# YOUR 2012 CAGES THAT YOU'VE MADE!!!!!!!



## patches2593

please post pics i need ideas and so does other people!


----------



## HayHey0248

Here is one i made today for my new incoming rabbit! 
I've changed it around a little since then, like adding a water dripper over the bowl.


----------



## patches2593

can he go inside that box tht has the hay in it?


----------



## HayHey0248

yeah He's home right now!!!! I just picked him up! eeepppp!


----------



## patches2593

a mini rex? have you had a mini rex before?


----------



## LaylaLop

Current bonding set-up:






NIC cage I had built:


----------



## patches2593

oohh i like tht one


----------



## HayHey0248

I used to have a rescue meat rabbit but not a mini rex.
Also when i said 'picked up' i didn't literally pick him up, only from the airport.


----------



## jcottonl02

This is Benji's new pad in my flat at Uni. It's only taken 2 years to find somewhere that will let me have him!!! lol








It's made up of these two components:














Jen


----------



## 1357rabbitlover

http://a2.sphotos.ak.fbcdn.net/hpho...039093565_1179397477_2923686_1996702492_n.jpg

This is my bunnies outside run! We made it all ourself.
Its 13 foot by 10 foot, and 5.5 foot high!


----------



## bunnylove1

LaylaLop what did u use for the 2nd level


----------



## LaylaLop

I used NIC panels zip tied in, and covered with a plastic floor liner cut to fit (for under desk chairs), and then outdoor/indoor carpet runner cut to fit for traction.


----------



## patches2593

laylalop, what kind of bunny do you have?


----------



## bunnylove1

patches i love your lop


----------



## patches2593

thank you. he is a mini rex and mini lop mix. i got him from a foster home


----------



## funnybunnymummy

Gus's setup at our new house. We added a third level. He loves it. 

Rue


----------



## MiserySmith

IMG_0880




IMG_0881

this is Peppy's cage. 3 x 3 x 2 with a 1x2 level. The level has cardboard and a sticky tile with a pillow case on top. I use a bed sheet on the floor for traction.


----------



## hokankai

Here's Theo's cage





And the back-up foster setup


----------



## PapaJoe

hokankai wrote:


> Here's Theo's cage



On the ramp, did you cut a strip of a runner?
Reason why I ask is because on my hunt for something with traction for my ramp, I found at Home Depot in the carpeting section, a roll of runner that looks just like that. I bought a couple feet, and trimmed it down for the ramp. I like the ridges to help bunny get up the ramp.

Joe


----------



## patches2593

hokankai, what kind of bunny do you have?


----------



## patches2593

miserySmith, what kind of bunny is that in your profile pic?


----------



## MiserySmith

Peppy is a mini lop.. A mini lop with only half-flopped ears at that.


----------



## hokankai

Wow sorry I didn't see the questions! Yes that is runner from Home Depot, but I actually switched it out for the rug stuff you can get right next to it. It was more slippery than I anticipated.
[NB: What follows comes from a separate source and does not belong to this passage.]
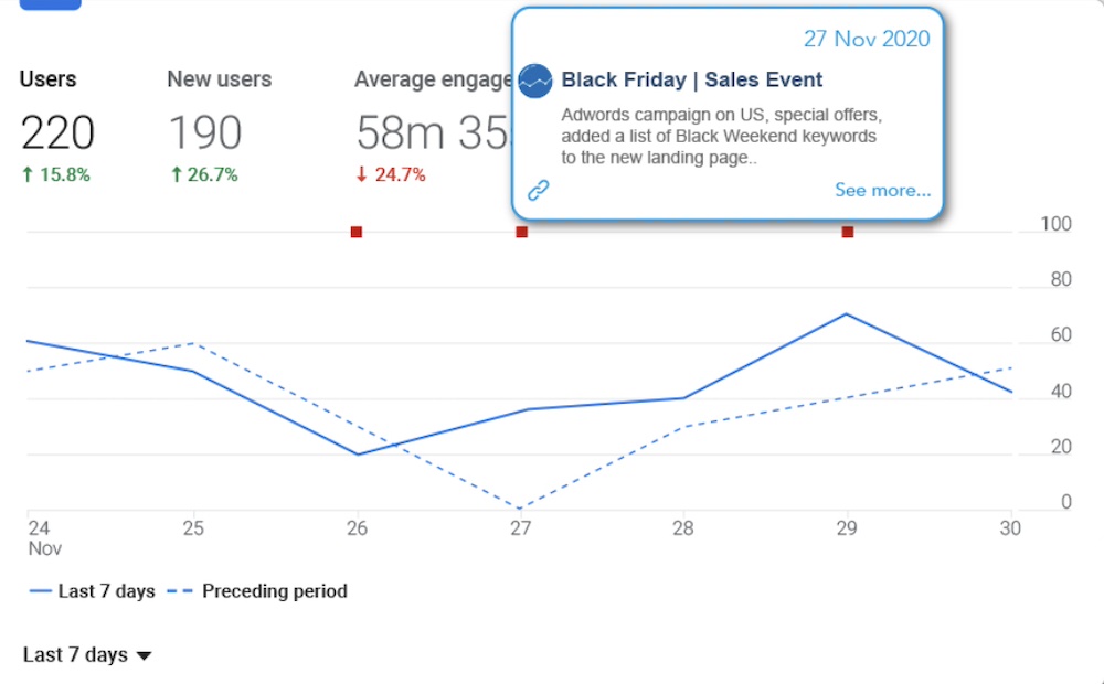 Automated Google Analytics Annotations GA4 add notes to reports to correlate marketing and other changes with traffic. Click image to enlarge.

And Theodore is a Holland Lop


----------



## patches2593

thanky you!!! me and my friend are actually starting think that my bunny patches is his regular mini lop but with either part mini rex or part fuzzy lop. he could be all three. we dont know since hes from a foster home and they didnt seem to know what they were doing so... :/


----------



## ded

My first NIC cage for our first bunny :biggrin:

I used the design from rabbitcondo, still need to add the top level. I'm also going to raise the step and second level up, I underestimated our buns ability to get up and set them lower than what was recommended. But now I've found that he really likes hanging out under the step, but it's a lil tight for him under there, so I'm going to raise it up and wall it in so it's a better hiding place. After a couple of days of cleaning up, I've also decided to build a lip around both levels to help contain the hay & bedding.


----------



## Samara

Molly's setup when the babies were with her:





Gubble's current set up (which is the same as Molly's/babies now - I just haven't taken any pictures):


----------



## patches2593

hokankai wrote:


> Here's Theo's cage
> 
> 
> 
> 
> 
> And the back-up foster setup



what did you use for the flooring? what store did you get it at? howe much does it cost average? i have linolium and carpet but hes chewing it and the linolium isn't long enough so i need to find something with traction.


----------



## patches2593

for the first cage. i was inspired by you to make my cage like that but its not working out too good!!! and he's totally just destroying. anything else i could use other than linolium that is waterproof so if say he were to go to the b-room outside his litter box or if water leaks from his bottle???


----------



## patches2593

funnybunnymummy wrote:


> Gus's setup at our new house. We added a third level. He loves it.
> 
> Rue



what are all of the steps you did to make the levels? also what are you using for the floor? how di you do that????


----------



## melbaby80

Here is my homemade pen.


----------



## PapaJoe

This is the bottom floor of my bunnies' cage. They were only on the top level until for almost 2 months until I got used to them, and they got used to me. Plus they are basically litter trained, for the most part. 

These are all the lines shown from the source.